Entries provided Start Marker

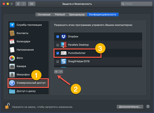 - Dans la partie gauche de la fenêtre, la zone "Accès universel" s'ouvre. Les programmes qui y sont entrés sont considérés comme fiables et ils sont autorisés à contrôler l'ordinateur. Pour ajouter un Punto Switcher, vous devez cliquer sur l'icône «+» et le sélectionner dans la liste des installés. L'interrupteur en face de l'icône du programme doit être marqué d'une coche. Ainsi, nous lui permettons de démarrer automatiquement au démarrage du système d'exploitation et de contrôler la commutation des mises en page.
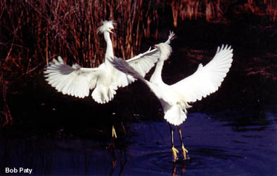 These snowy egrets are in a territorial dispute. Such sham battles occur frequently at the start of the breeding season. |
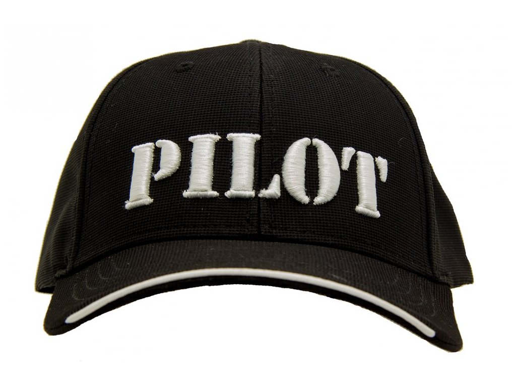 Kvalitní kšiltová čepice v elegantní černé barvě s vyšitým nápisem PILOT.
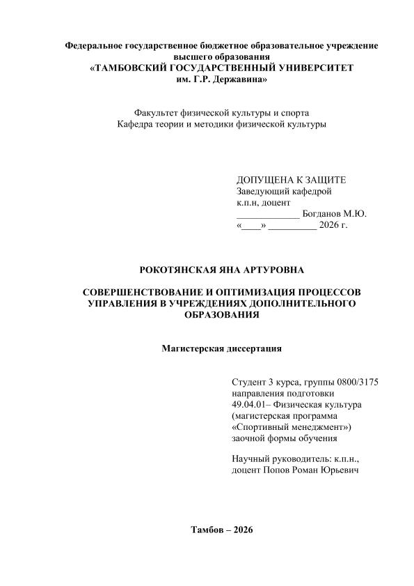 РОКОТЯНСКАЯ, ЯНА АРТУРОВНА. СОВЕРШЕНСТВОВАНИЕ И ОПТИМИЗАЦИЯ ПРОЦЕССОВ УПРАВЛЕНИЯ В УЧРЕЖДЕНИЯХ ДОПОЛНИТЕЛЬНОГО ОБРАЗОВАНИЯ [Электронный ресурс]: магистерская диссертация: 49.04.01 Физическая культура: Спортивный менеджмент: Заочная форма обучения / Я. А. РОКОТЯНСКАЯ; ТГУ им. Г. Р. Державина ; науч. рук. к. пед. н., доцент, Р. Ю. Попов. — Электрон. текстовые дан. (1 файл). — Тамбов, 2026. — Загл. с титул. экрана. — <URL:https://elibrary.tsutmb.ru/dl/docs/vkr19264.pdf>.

Entries provided End Marker
Entries provided Start Marker

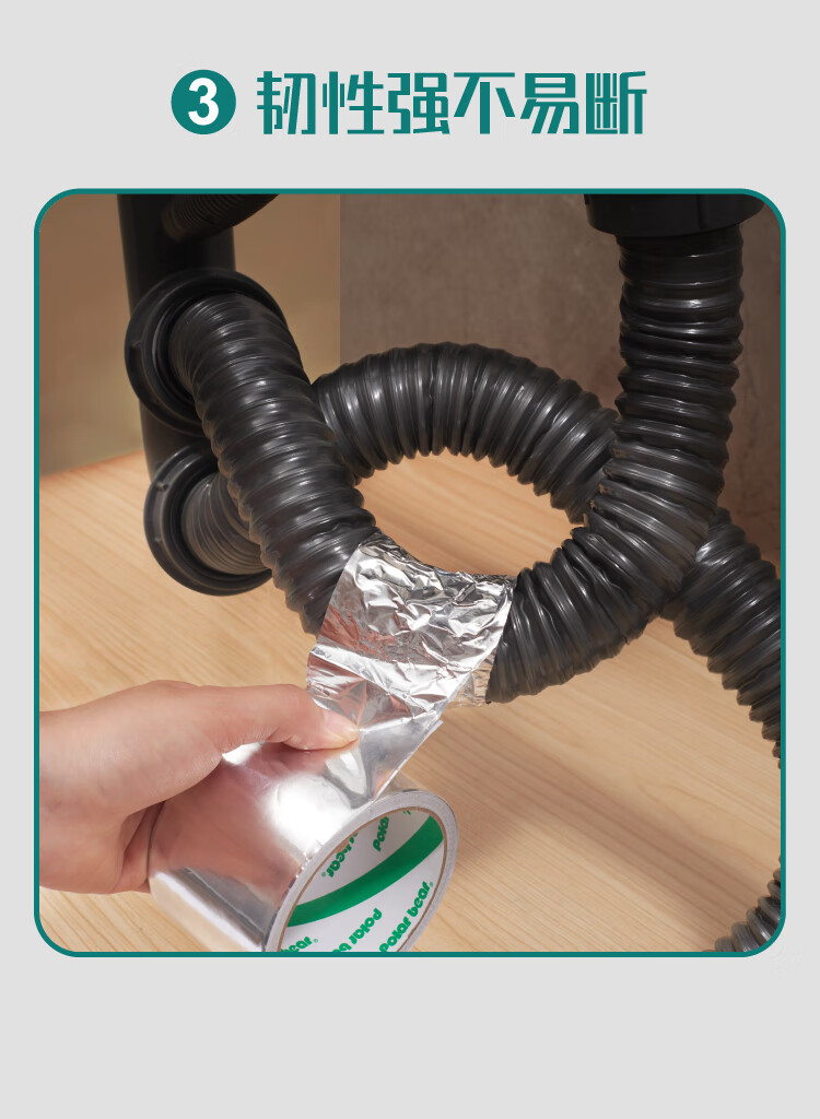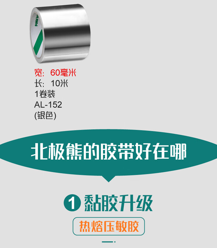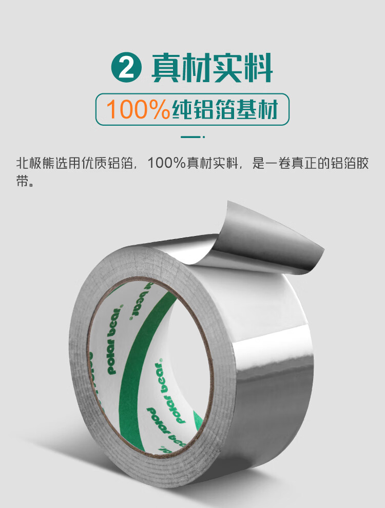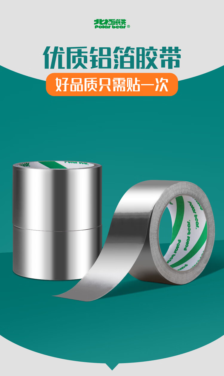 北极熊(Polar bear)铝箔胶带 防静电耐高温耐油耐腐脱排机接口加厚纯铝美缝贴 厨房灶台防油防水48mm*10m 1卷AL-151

Entries provided End Marker
Entries provided Start Marker

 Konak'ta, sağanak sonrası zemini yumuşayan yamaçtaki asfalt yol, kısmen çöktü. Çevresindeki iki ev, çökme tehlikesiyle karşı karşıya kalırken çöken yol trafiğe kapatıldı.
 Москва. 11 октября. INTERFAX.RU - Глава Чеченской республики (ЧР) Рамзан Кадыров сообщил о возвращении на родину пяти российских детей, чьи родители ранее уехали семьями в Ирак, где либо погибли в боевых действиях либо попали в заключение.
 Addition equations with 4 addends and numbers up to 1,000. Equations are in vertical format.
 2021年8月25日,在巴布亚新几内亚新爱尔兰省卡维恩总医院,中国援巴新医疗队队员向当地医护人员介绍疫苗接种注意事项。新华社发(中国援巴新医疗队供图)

Entries provided End Marker

◆ What needs to be done ◆
Repeat, word for word, the lines of the material above from the one holding "Kvalitní kšiltová čepice" through the one holding "РОКОТЯНСКАЯ, ЯНА АРТУРОВНА.". Leave out pictures.

◆ Reply to the exercise ◆
 Kvalitní kšiltová čepice v elegantní černé barvě s vyšitým nápisem PILOT.
 РОКОТЯНСКАЯ, ЯНА АРТУРОВНА. СОВЕРШЕНСТВОВАНИЕ И ОПТИМИЗАЦИЯ ПРОЦЕССОВ УПРАВЛЕНИЯ В УЧРЕЖДЕНИЯХ ДОПОЛНИТЕЛЬНОГО ОБРАЗОВАНИЯ [Электронный ресурс]: магистерская диссертация: 49.04.01 Физическая культура: Спортивный менеджмент: Заочная форма обучения / Я. А. РОКОТЯНСКАЯ; ТГУ им. Г. Р. Державина ; науч. рук. к. пед. н., доцент, Р. Ю. Попов. — Электрон. текстовые дан. (1 файл). — Тамбов, 2026. — Загл. с титул. экрана. — <URL:https://elibrary.tsutmb.ru/dl/docs/vkr19264.pdf>.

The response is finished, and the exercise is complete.